BMP and Wnt signaling pathways are essentially independent signaling pathways, which are able to function individually. However, they tend to regulate similar biological processes in the same tissues and cells, leading to functional interactions. As we reviewed in the first part, there are essentially four different modes in which these functional interactions between Wnt and BMP signaling happen at the tissue and cellular level (Fig. 3). In the second part, we reviewed the various molecular mechanisms that have evolved to mediate these functional interactions and integrate BMP and Wnt signaling at the level of the protein components of these signaling pathways (Fig. 4). One of the purposes of this review is to highlight and emphasize the fact that cross-interactions of BMP and Wnt signaling may occur at various levels in the cascade, and that the consequence/outcome can vary depending on cell types, developmental stage, or even the particular target gene. This complexity of interactions between BMP and Wnt signaling should not be perceived as a distracting complication, but should be recognized as a necessary and powerful mechanism for conferring diverse functions to various tissues and for creating the magnificently sophisticated structure of our bodies.

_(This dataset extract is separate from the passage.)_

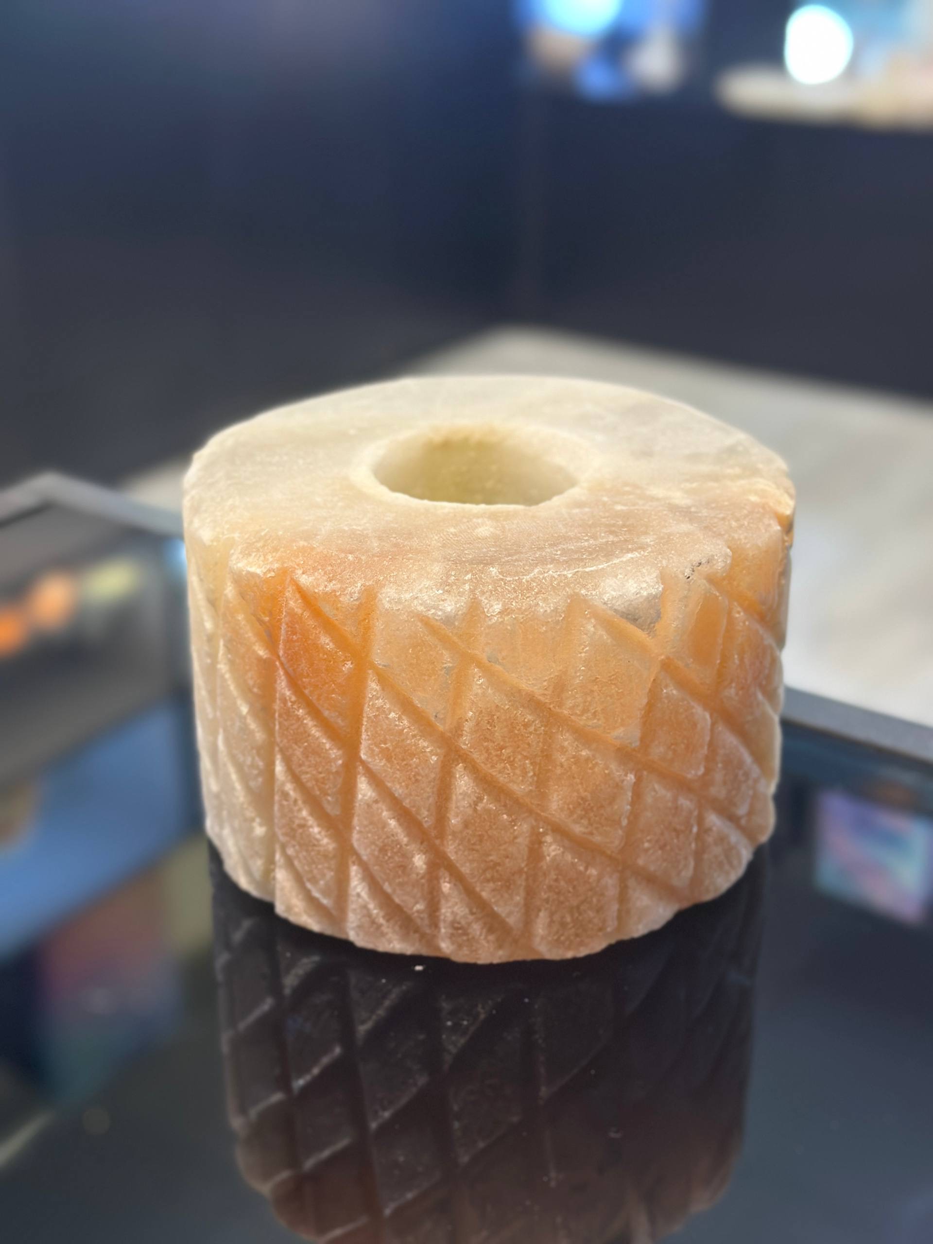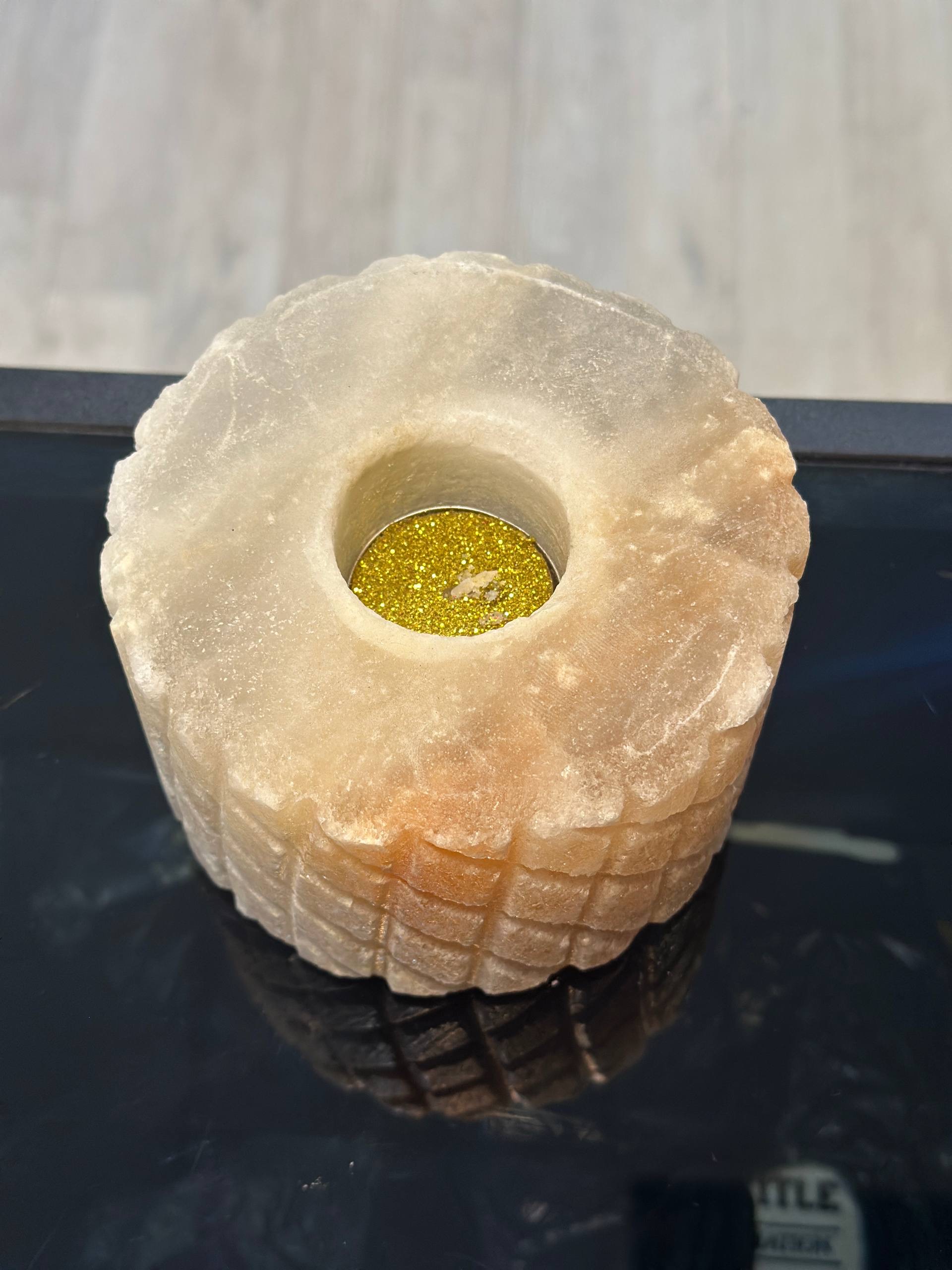 جا شمعی سنگ نمک طبیعی طرح آناناس بزرگ جنس مجسمه از پلی استر جنس گوی از سنگ نمک طبیعی هر سنگ نمک با دیگری متفاوت است و هیچ محصولی کاملا یکسان نیست

While the crosstalk between BMP and Wnt signaling is perhaps the most prominent and obvious example for combinatorial signaling in embryonic development and regulation of stem cells, interaction between Wnt signaling and other signaling pathways is perhaps a general feature of the role of Wnt signaling in biology. As suggested by Martinez-Arias and colleagues, the role of Wnt signaling in some contexts may be, at least in part, to stabilize transcriptional events caused by other mechanisms and to eliminate unwanted transcriptional activities (“filtering noise”), rather than playing an instructive role by itself (Arias and Hayward,2006). This suggests that regulators of the Wnt pathway (including the pathway components themselves) carefully monitor cellular activities and functions as a watchdog. In turn, the Wnt pathway may be readily influenced by the biological events taking place in the cell, and hence the pathway activity is susceptible to that of other signal transduction pathways. The challenge for future research will be to discover these combinatorial mechanisms to understand the full contribution of Wnt signaling to regulation of cell behavior and differentiation. Combinatorial signaling mechanisms will therefore prove to be at least as important for developmental biology as the well-studied linear signal transduction pathways, even if—or maybe exactly because—they are cell type-specific.